Former Hawk star interrupted college football career to fight for country following 9/11 attacks
On Dec. 10, 2007, a close-range gunfight between United States Army Rangers and Iraqi insurgents erupted on the roof of an Iraq safe house. During the fierce exchange of bullets, a U.S. Army Ranger was shot above the left eye.
No one who knows Marcus Mencotti well was surprised to learn — as blood from the head wound poured down his face — he kept fighting until medical assistance arrived approximately 30 minutes later.
Pity the poor 6-foot-2, 260-pound centers who had to line up against Farmington Hills Harrison’s 5-foot-7, 160-pound nose guard during the Hawks’ 2000 football season.
Despite their 100-pound advantage, the mammoth offensive linemen rarely stood a chance against Mencotti, a tenacious, quick and fearless disruptor.
“I was a DB (defensive back) until I goofed around in practice one day and they stuck me at nose guard,” Mencotti recalled, 22 years later. “I never left.”
The undersized warrior not only held his own in the trenches, he earned Division 3 All-State honors for the state champion Hawks, who pummeled East Lansing, 42-0, in that season’s title game.
Mencotti committed to play college football at Wayne State University, where he was shifted back to defensive back.
On Sept. 11, 2001, as he was driving to a job at the Oakland County International Airport in Waterford, Mencotti learned of the terrorist attacks on the United States.
“As soon as I learned the details of the attacks, I knew in the back of my mind I’d end up joining the military,” he revealed. “I was thinking, ‘Send me wherever you need me. I’m ready.”
In 2003, as the Iraq War heated up, Mencotti learned from Wayne State teammate Chris Smilo that the U.S. Army was actively recruiting for its Special Forces units. A short time later, the duo drove to a U.S. Army Recruitment Office on Jefferson Ave. in downtown Detroit and took a series of tests.
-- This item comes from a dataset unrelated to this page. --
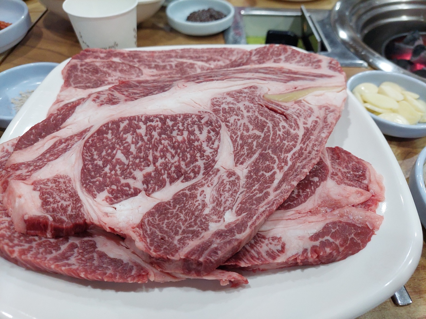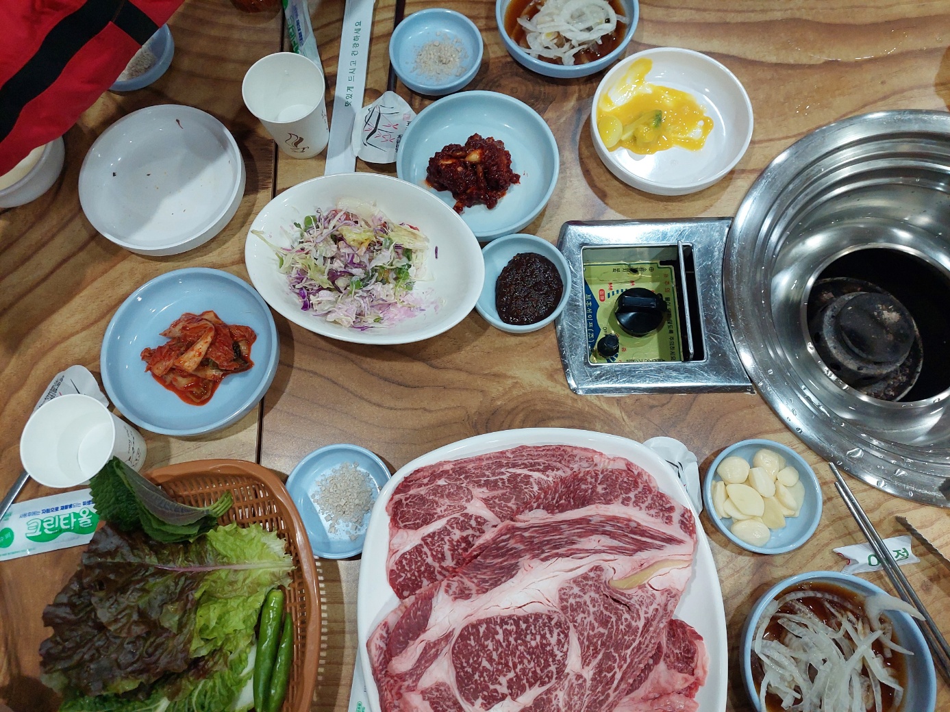 일반적으로 도시에서 저렴한 소고기집이 120g으로 3만원대인데, 여기는 거의 두배에 3만원이다. 내가 고기를 잘 아는 사람이 아니라서 꽃등심이 아니거나 투쁠이 아닐수도 있겠지만, 맛은 훌륭했다. 상차림비도 따로 없기때문에 정말 말도안되는 가성비다. 그리고 사진은 제대로 못찍었지만 밑반찬도 매우 풍부하다.

Mencotti scored well and enlisted to fight for his country, interrupting his relatively comfortable life as a college student and football player.
“My grandfather served in World War II and my uncle served in Vietnam,” Mencotti explained. “I was raised in a patriotic family and I’ve always been patriotic. A lot of the friends I grew up with nicknamed me ‘Soldier Slim’.”
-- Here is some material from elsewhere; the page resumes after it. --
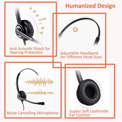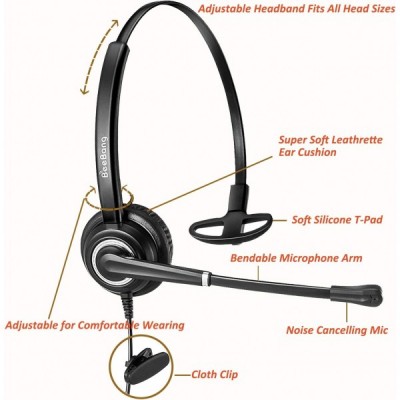 Beebang Monaural Telefon Headset RJ9 Kopfhörer Call Center Headset mit Noise Cancelling Mikrofon Rauschunterdrückung Für Telefon Cisco Yealink Fanvil Grandstream Htek Huawei Dlink Akuvox Escene Mono Headset RJ9 Cord 0

Mencotti’s decision was met initially with mixed emotions from his family.
“My dad supported me right away, but my mom was a little hesitant at first,” Mencotti said. “We had a football combine before I enlisted and my numbers were really good. One of the coaches called my mom and asked her if she could talk me out of enlisting.
“Ultimately, she ended up supporting my decision; she was just worried about my safety in the beginning.”
Mencotti was sent to Fort Leonard Wood in the Missouri Ozarks for basic training. He graduated a U.S. Army Ranger — widely regarded as the best-trained soldiers in the world — and was deployed to Afghanistan in spring of 2004.
Mencotti said his experience playing football for Harrison served him well overseas.
“I liked all my coaches, but assistant coach and defensive coordinator (Bob) Sutter influenced me the most,” Mencotti said. “I don’t think there was one player who went to Harrison that doesn’t love that man. He was like a second father to a lot of the guys. He was an instiller of ‘do the right thing’. It wasn’t just about football for him, it was about building men.”
In his fourth tour of duty, Mencotti — a U.S. Army Ranger sniper at the time — snuck onto a safe house roof on that December night in 2007. He said an explosion to create a breach in a nearby building alerted insurgents, leading to the gunfight.
“I was lucky it was a 9-millimeter bullet because it didn’t penetrate all the way through,” he said.
Mencotti was transported to the Walter Reed Army Medical Center in Bethesda, Maryland, where he stayed for an approximate one-month recovery.
Mencotti was later awarded a Purple Heart and Bronze Star for Valor — two of the highest awards presented by the United States military.
Following his injury, he trained future Rangers until he was mandated to retire from the military in 2009.
Mencotti later contracted for the Department of Defense. One of his team members was Mark “Oz” Geist, a member of the Annex Security Team that fought the Battle of Benghazi, Libya on Sept. 11 and 12, 2012 — an act of bravery that was depicted in the 2016 movie “13 Hours”.
Mencotti currently resides in Commerce with his wife Abbey, daughter and three sons.
His two oldest sons, aged 12 and 9, play youth league football.
“They’re all in on football,” he said, smiling.
The apples have not fallen far from the tree in the Mencotti family.